*SUPPLIED INFORMATION*:
::::::::::
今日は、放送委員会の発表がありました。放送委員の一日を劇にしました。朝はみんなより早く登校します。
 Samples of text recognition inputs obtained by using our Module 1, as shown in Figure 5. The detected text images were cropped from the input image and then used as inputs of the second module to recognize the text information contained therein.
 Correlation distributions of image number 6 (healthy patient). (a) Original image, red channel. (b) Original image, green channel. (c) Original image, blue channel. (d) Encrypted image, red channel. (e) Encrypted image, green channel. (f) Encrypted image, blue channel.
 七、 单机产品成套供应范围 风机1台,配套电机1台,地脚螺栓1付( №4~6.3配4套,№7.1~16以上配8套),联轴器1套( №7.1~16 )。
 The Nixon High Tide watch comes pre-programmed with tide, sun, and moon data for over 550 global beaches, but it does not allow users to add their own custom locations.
::::::::::
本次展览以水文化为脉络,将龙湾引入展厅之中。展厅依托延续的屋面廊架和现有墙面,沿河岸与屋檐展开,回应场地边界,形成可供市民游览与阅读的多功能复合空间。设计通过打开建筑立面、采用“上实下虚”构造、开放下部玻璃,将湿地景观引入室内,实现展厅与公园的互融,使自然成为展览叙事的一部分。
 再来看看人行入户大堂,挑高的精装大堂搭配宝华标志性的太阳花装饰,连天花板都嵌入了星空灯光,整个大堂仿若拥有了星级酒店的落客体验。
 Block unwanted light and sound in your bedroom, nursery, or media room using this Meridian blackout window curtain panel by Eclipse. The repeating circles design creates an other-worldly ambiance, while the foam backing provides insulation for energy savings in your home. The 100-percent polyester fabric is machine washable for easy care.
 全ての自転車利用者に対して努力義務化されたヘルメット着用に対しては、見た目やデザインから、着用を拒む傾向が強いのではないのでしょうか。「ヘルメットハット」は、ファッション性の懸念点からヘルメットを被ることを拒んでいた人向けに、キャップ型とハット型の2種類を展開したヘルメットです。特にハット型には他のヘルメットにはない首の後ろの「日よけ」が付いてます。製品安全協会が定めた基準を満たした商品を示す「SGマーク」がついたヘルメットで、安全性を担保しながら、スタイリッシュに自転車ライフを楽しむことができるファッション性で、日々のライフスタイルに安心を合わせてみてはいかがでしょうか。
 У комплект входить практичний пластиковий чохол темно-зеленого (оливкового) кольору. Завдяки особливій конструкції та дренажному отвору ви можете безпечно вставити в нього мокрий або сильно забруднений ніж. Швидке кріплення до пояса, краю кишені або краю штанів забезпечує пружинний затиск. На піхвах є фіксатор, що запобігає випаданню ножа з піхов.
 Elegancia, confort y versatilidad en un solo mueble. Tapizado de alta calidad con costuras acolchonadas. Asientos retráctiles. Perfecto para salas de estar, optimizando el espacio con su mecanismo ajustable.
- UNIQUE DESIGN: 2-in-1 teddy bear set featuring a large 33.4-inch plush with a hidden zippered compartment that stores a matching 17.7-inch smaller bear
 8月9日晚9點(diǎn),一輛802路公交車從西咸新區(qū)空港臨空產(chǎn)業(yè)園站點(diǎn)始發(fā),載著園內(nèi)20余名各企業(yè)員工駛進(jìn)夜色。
::::::::::
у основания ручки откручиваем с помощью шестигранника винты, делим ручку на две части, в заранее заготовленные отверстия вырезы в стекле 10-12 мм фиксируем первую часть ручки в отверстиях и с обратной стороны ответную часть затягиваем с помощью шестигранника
::::::::::
*ACTION ITEM*: Collect every line with the string "image" from the records, and copy each.

*RESPONSE FOR THIS EXERCISE*:
 Samples of text recognition inputs obtained by using our Module 1, as shown in Figure 5. The detected text images were cropped from the input image and then used as inputs of the second module to recognize the text information contained therein.
 Correlation distributions of image number 6 (healthy patient). (a) Original image, red channel. (b) Original image, green channel. (c) Original image, blue channel. (d) Encrypted image, red channel. (e) Encrypted image, green channel. (f) Encrypted image, blue channel.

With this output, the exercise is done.